YOUR ASSIGNMENT: Please repeat the listing below exactly, but do not include its pictures.

DATA BELOW:
# # # #

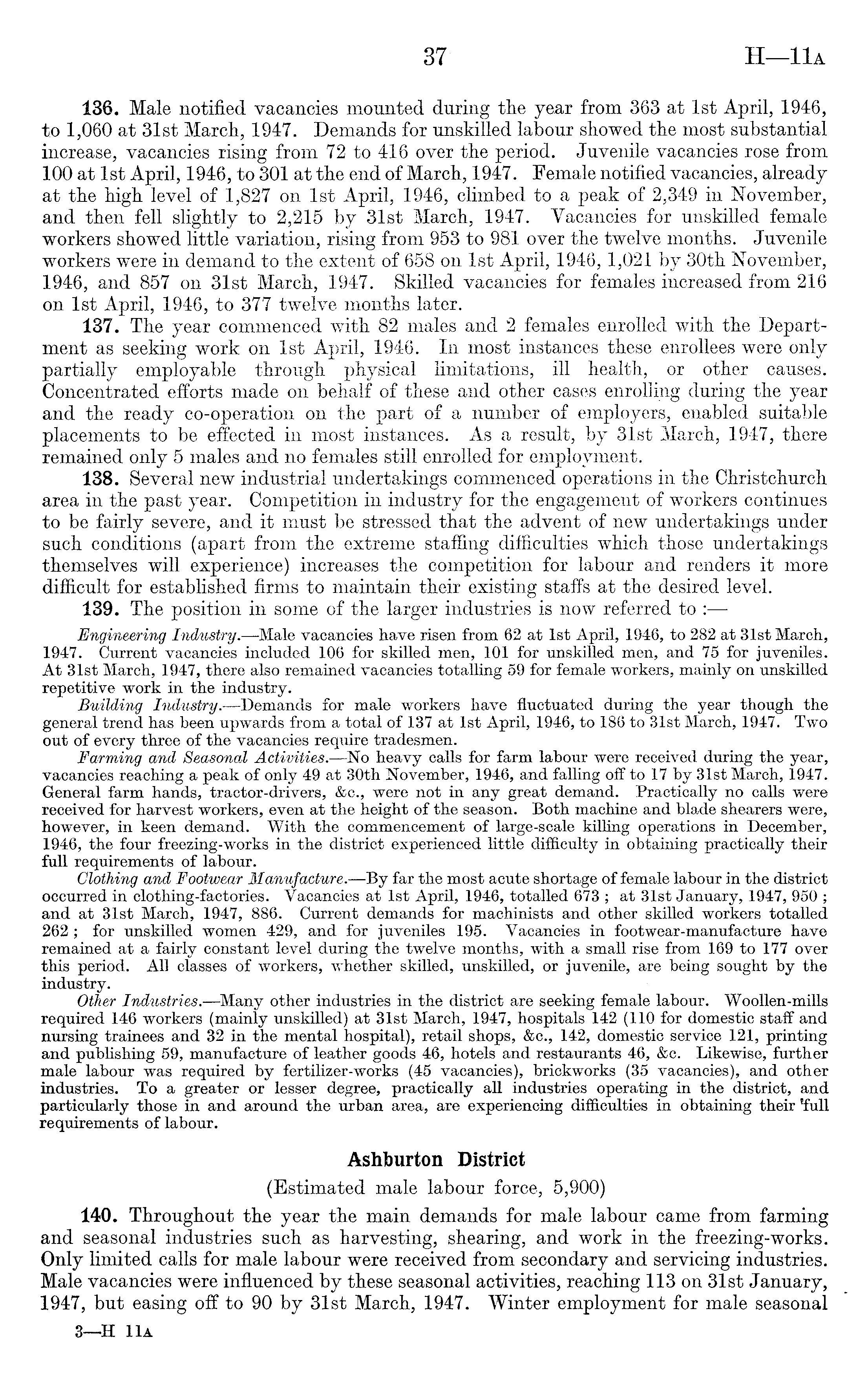 136. Male notified vacancies mounted during the year from 363 at Ist April, 1946, to 1,060 at 31st March, 1947. Demands for unskilled labour showed the most substantial increase, vacancies rising from 72 to 416 over the period. Juvenile vacancies rose from. 100 at Ist April, 1946, to 301 at the end of March, 1947. Female notified vacancies, already at the high level of 1,827 on Ist April, 1946, climbed to a peak of 2,349 in November, and then fell slightly to 2,215 by 31st March, 1947. Vacancies for unskilled female workers showed little variation, rising from 953 to 981 over the twelve months. Juvenile workers were in demand to the extent of 658 on Ist April, 1946,1,021 by 30th November, 1946, and 857 on 31st March, 1947. Skilled vacancies for females increased from 216 on Ist April, 1946, to 377 twelve months later. 137. The year commenced with 82 males and 2 females enrolled with the Department as seeking work on Ist April, 1946. In most instances these enrollees were only partially employable through physical limitations, ill health, or other causes. Concentrated efforts made on behalf of these and other cases enrolling during the year and the ready co-operation on the part of a number of employers, enabled suitable placements to be effected in most instances. As a result, by 31st March, 1947, there remained only 5 males and no females still enrolled for employment. 138. Several new industrial undertakings commenced operations in the Christchurch area in the past year. Competition in industry for the engagement of workers continues to be fairly severe, and it must be stressed that the advent of new undertakings under such conditions (apart from the extreme staffing difficulties which those undertakings themselves will experience) increases the competition for labour and renders it more difficult for established firms to maintain their existing staffs at the desired level. 139. The position in some of the larger industries is now referred to : Engineering Industry.—Male vacancies have risen from 62 at Ist April, 1946, to 282 at 31st March, 1947. Current vacancies included 106 for skilled men, 101 for unskilled men, and 75 for juveniles. At 31st March, 1947, there also remained vacancies totalling 59 for female workers, mainly on unskilled repetitive work in the industry. Building Industry.—Demands for male workers have fluctuated during the year though the general trend has been upwards from a total of 137 at Ist April, 1946, to 186 to 31st March, 1947. Two out of every three of the vacancies require tradesmen. Farming and Seasonal Activities. —No heavy calls for farm labour were received during the year, vacancies reaching a peak of only 49 at 30th November, 1946, and falling off to 17 by 31st March, 1947. General farm hands, tractor-drivers, &c., were not in any great demand. Practically no calls were received for harvest workers, even at the height of the season. Both machine and blade shearers were, however, in keen demand. With the commencement of large-scale killing operations in December, 1946, the four freezing-works in the district experienced little difficulty in obtaining practically their full requirements of labour. Clothing and Footwear Manufacture. —By far the most acute shortage of female labour in the district occurred in clothing-factories. Vacancies at Ist April, 1946, totalled 673 ; at 31st January, 1947, 950 ; and at 31st March, 1947, 886. Current demands for machinists and other skilled workers totalled 262 ; for unskilled women 429, and for juveniles 195. Vacancies in footwear-manufacture have remained at a fairly constant level during the twelve months, with a small rise from 169 to 177 over this period. All classes of workers, whether skilled, unskilled, or juvenile, are being sought by the industry. Other Industries.—Many other industries in the district are seeking female labour. Woollen-mills required 146 workers (mainly unskilled) at 31st March, 1947, hospitals 142 (110 for domestic staff and nursing trainees and 32 in the mental hospital), retail shops, &c., 142, domestic service 121, printing and publishing 59, manufacture of leather goods 46, hotels and restaurants 46, &c. Likewise, further male labour was required by fertilizer-works (45 vacancies), brickworks (35 vacancies), and other industries. To a greater or lesser degree, practically all industries operating in the district, and particularly those in and around the urban area, are experiencing difficulties in obtaining their full requirements of labour. Ashburton District (Estimated male labour force, 5,900) 140. Throughout the year the main demands for male labour came from farming and seasonal industries such as harvesting, shearing, and work in the freezing-works. Only limited calls for male labour were received from secondary and servicing industries. Male vacancies were influenced by these seasonal activities, reaching 113 on 31st January, 1947, but easing off to 90 by 31st March, 1947. Winter employment for male seasonal 3—H 11a
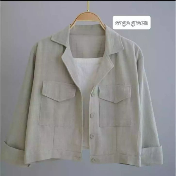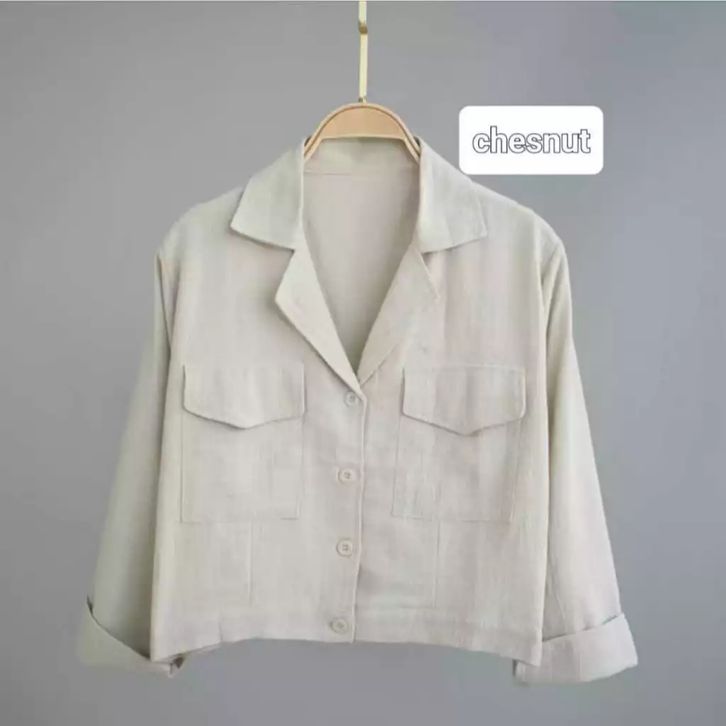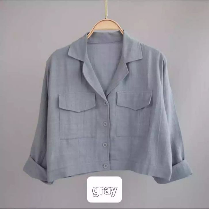 DAISY STUFF Blouse Wanita Crop Top Linen Korean Style 2 Pocket
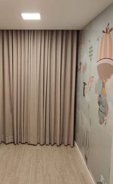 Transformamos ambientes com papel de parede, cortinas e persianas sob medida.

# # # #

RESULT BELOW:
 136. Male notified vacancies mounted during the year from 363 at Ist April, 1946, to 1,060 at 31st March, 1947. Demands for unskilled labour showed the most substantial increase, vacancies rising from 72 to 416 over the period. Juvenile vacancies rose from. 100 at Ist April, 1946, to 301 at the end of March, 1947. Female notified vacancies, already at the high level of 1,827 on Ist April, 1946, climbed to a peak of 2,349 in November, and then fell slightly to 2,215 by 31st March, 1947. Vacancies for unskilled female workers showed little variation, rising from 953 to 981 over the twelve months. Juvenile workers were in demand to the extent of 658 on Ist April, 1946,1,021 by 30th November, 1946, and 857 on 31st March, 1947. Skilled vacancies for females increased from 216 on Ist April, 1946, to 377 twelve months later. 137. The year commenced with 82 males and 2 females enrolled with the Department as seeking work on Ist April, 1946. In most instances these enrollees were only partially employable through physical limitations, ill health, or other causes. Concentrated efforts made on behalf of these and other cases enrolling during the year and the ready co-operation on the part of a number of employers, enabled suitable placements to be effected in most instances. As a result, by 31st March, 1947, there remained only 5 males and no females still enrolled for employment. 138. Several new industrial undertakings commenced operations in the Christchurch area in the past year. Competition in industry for the engagement of workers continues to be fairly severe, and it must be stressed that the advent of new undertakings under such conditions (apart from the extreme staffing difficulties which those undertakings themselves will experience) increases the competition for labour and renders it more difficult for established firms to maintain their existing staffs at the desired level. 139. The position in some of the larger industries is now referred to : Engineering Industry.—Male vacancies have risen from 62 at Ist April, 1946, to 282 at 31st March, 1947. Current vacancies included 106 for skilled men, 101 for unskilled men, and 75 for juveniles. At 31st March, 1947, there also remained vacancies totalling 59 for female workers, mainly on unskilled repetitive work in the industry. Building Industry.—Demands for male workers have fluctuated during the year though the general trend has been upwards from a total of 137 at Ist April, 1946, to 186 to 31st March, 1947. Two out of every three of the vacancies require tradesmen. Farming and Seasonal Activities. —No heavy calls for farm labour were received during the year, vacancies reaching a peak of only 49 at 30th November, 1946, and falling off to 17 by 31st March, 1947. General farm hands, tractor-drivers, &c., were not in any great demand. Practically no calls were received for harvest workers, even at the height of the season. Both machine and blade shearers were, however, in keen demand. With the commencement of large-scale killing operations in December, 1946, the four freezing-works in the district experienced little difficulty in obtaining practically their full requirements of labour. Clothing and Footwear Manufacture. —By far the most acute shortage of female labour in the district occurred in clothing-factories. Vacancies at Ist April, 1946, totalled 673 ; at 31st January, 1947, 950 ; and at 31st March, 1947, 886. Current demands for machinists and other skilled workers totalled 262 ; for unskilled women 429, and for juveniles 195. Vacancies in footwear-manufacture have remained at a fairly constant level during the twelve months, with a small rise from 169 to 177 over this period. All classes of workers, whether skilled, unskilled, or juvenile, are being sought by the industry. Other Industries.—Many other industries in the district are seeking female labour. Woollen-mills required 146 workers (mainly unskilled) at 31st March, 1947, hospitals 142 (110 for domestic staff and nursing trainees and 32 in the mental hospital), retail shops, &c., 142, domestic service 121, printing and publishing 59, manufacture of leather goods 46, hotels and restaurants 46, &c. Likewise, further male labour was required by fertilizer-works (45 vacancies), brickworks (35 vacancies), and other industries. To a greater or lesser degree, practically all industries operating in the district, and particularly those in and around the urban area, are experiencing difficulties in obtaining their full requirements of labour. Ashburton District (Estimated male labour force, 5,900) 140. Throughout the year the main demands for male labour came from farming and seasonal industries such as harvesting, shearing, and work in the freezing-works. Only limited calls for male labour were received from secondary and servicing industries. Male vacancies were influenced by these seasonal activities, reaching 113 on 31st January, 1947, but easing off to 90 by 31st March, 1947. Winter employment for male seasonal 3—H 11a
 DAISY STUFF Blouse Wanita Crop Top Linen Korean Style 2 Pocket
 Transformamos ambientes com papel de parede, cortinas e persianas sob medida.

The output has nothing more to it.